-- Data for the task follows --
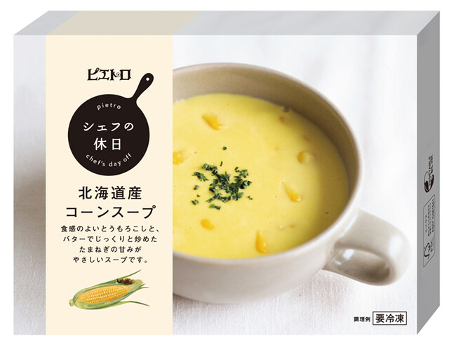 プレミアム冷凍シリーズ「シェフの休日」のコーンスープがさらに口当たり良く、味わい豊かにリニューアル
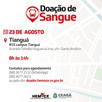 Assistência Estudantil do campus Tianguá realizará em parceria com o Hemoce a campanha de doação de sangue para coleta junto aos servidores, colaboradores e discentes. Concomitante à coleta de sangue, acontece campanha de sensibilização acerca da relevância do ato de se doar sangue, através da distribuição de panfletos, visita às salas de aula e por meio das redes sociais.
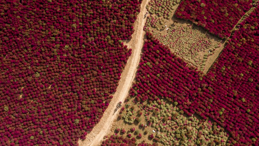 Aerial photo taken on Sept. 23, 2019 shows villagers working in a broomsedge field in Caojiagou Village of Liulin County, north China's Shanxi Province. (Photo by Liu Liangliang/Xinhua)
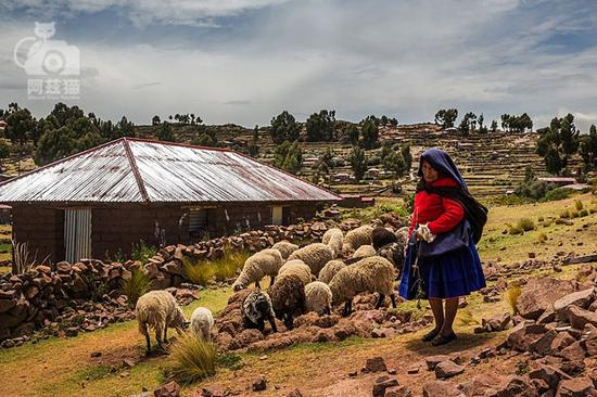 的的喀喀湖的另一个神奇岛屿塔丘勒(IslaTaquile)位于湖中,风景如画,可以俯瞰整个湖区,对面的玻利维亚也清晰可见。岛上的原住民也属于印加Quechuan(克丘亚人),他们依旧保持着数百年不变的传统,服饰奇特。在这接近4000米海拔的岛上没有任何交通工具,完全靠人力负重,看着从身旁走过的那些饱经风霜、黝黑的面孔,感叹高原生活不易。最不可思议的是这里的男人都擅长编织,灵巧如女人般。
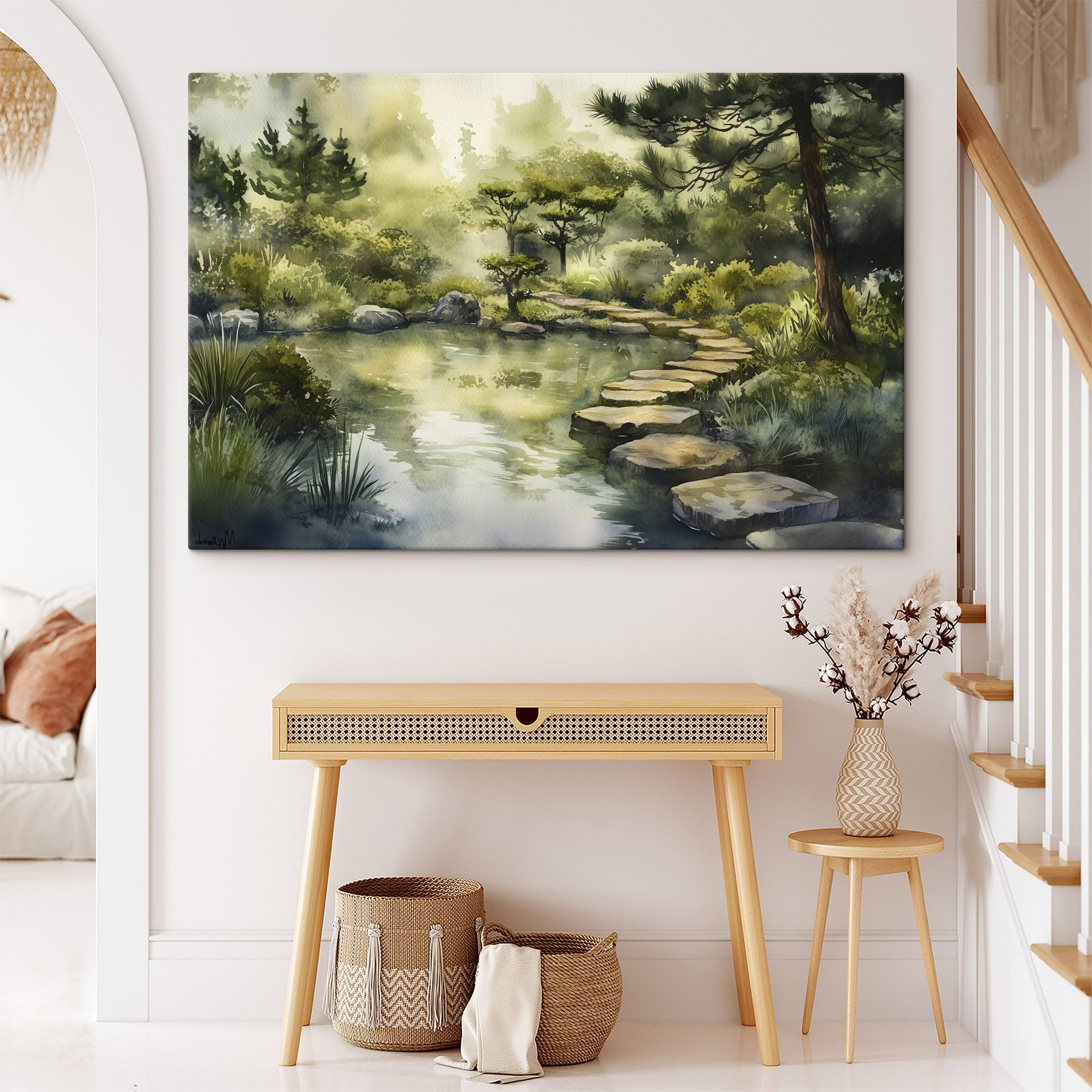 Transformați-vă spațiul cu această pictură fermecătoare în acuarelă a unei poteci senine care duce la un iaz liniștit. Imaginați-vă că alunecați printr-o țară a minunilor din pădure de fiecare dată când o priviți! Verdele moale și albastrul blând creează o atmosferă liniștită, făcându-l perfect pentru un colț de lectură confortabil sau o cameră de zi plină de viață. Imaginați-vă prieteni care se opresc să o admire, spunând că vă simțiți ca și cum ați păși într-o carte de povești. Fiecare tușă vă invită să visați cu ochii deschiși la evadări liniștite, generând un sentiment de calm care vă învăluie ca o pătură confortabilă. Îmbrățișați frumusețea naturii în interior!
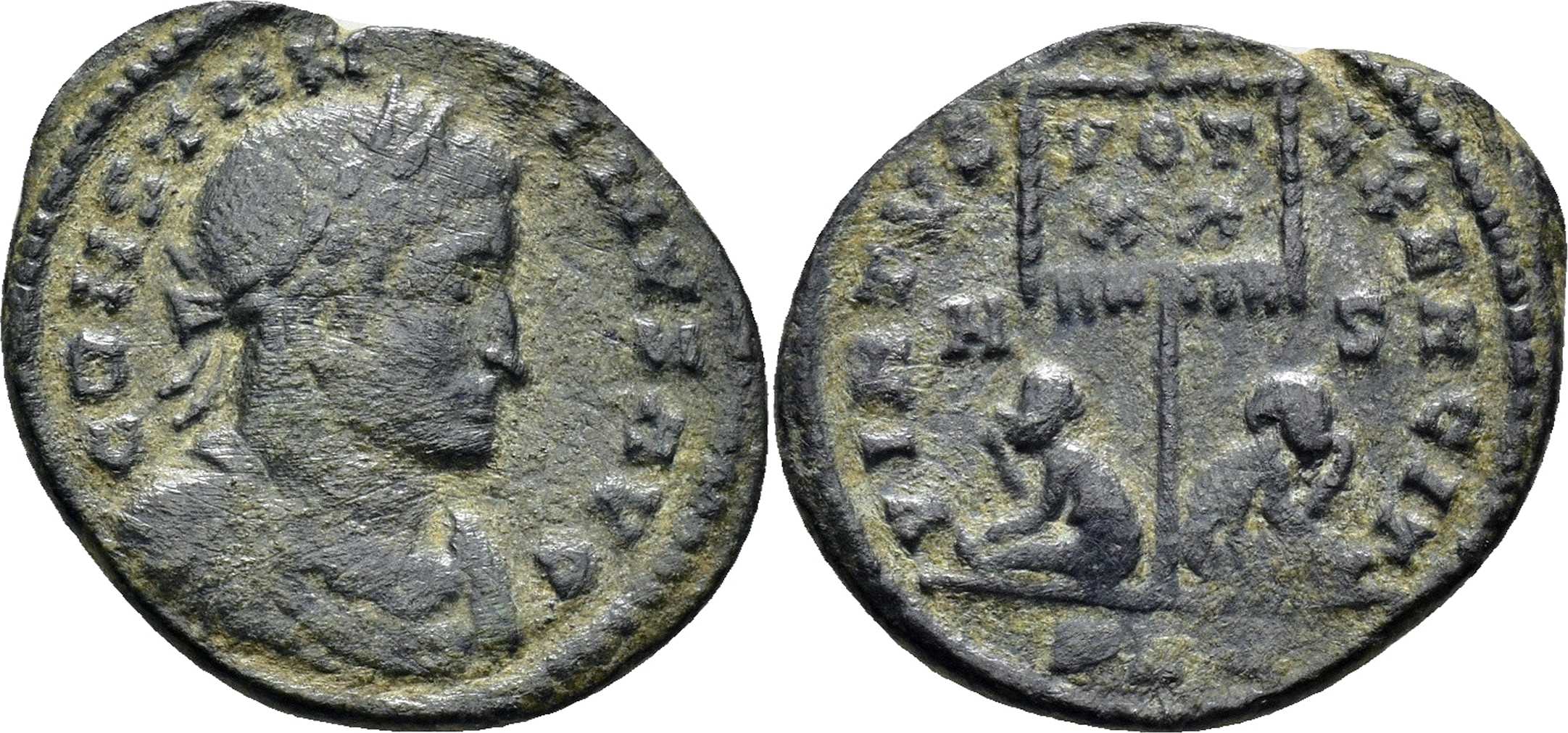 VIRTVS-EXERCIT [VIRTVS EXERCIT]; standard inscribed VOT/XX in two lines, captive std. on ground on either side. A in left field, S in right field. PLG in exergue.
-- Data for the task concluded --
-- Data for the task follows --
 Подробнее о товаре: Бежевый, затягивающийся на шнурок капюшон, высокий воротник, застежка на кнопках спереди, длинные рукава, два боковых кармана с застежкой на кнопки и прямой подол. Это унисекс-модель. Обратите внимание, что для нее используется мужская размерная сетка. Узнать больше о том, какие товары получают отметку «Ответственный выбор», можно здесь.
-- Data for the task concluded --
== Assignment ==
Leave out the images and write out the lines above exactly, from the one with "的的喀喀湖的另一个神奇岛屿塔" up to and including the one with "VIRTVS-EXERCIT [VIRTVS EXERCIT];".

== Task solution ==
 的的喀喀湖的另一个神奇岛屿塔丘勒(IslaTaquile)位于湖中,风景如画,可以俯瞰整个湖区,对面的玻利维亚也清晰可见。岛上的原住民也属于印加Quechuan(克丘亚人),他们依旧保持着数百年不变的传统,服饰奇特。在这接近4000米海拔的岛上没有任何交通工具,完全靠人力负重,看着从身旁走过的那些饱经风霜、黝黑的面孔,感叹高原生活不易。最不可思议的是这里的男人都擅长编织,灵巧如女人般。
 Transformați-vă spațiul cu această pictură fermecătoare în acuarelă a unei poteci senine care duce la un iaz liniștit. Imaginați-vă că alunecați printr-o țară a minunilor din pădure de fiecare dată când o priviți! Verdele moale și albastrul blând creează o atmosferă liniștită, făcându-l perfect pentru un colț de lectură confortabil sau o cameră de zi plină de viață. Imaginați-vă prieteni care se opresc să o admire, spunând că vă simțiți ca și cum ați păși într-o carte de povești. Fiecare tușă vă invită să visați cu ochii deschiși la evadări liniștite, generând un sentiment de calm care vă învăluie ca o pătură confortabilă. Îmbrățișați frumusețea naturii în interior!
 VIRTVS-EXERCIT [VIRTVS EXERCIT]; standard inscribed VOT/XX in two lines, captive std. on ground on either side. A in left field, S in right field. PLG in exergue.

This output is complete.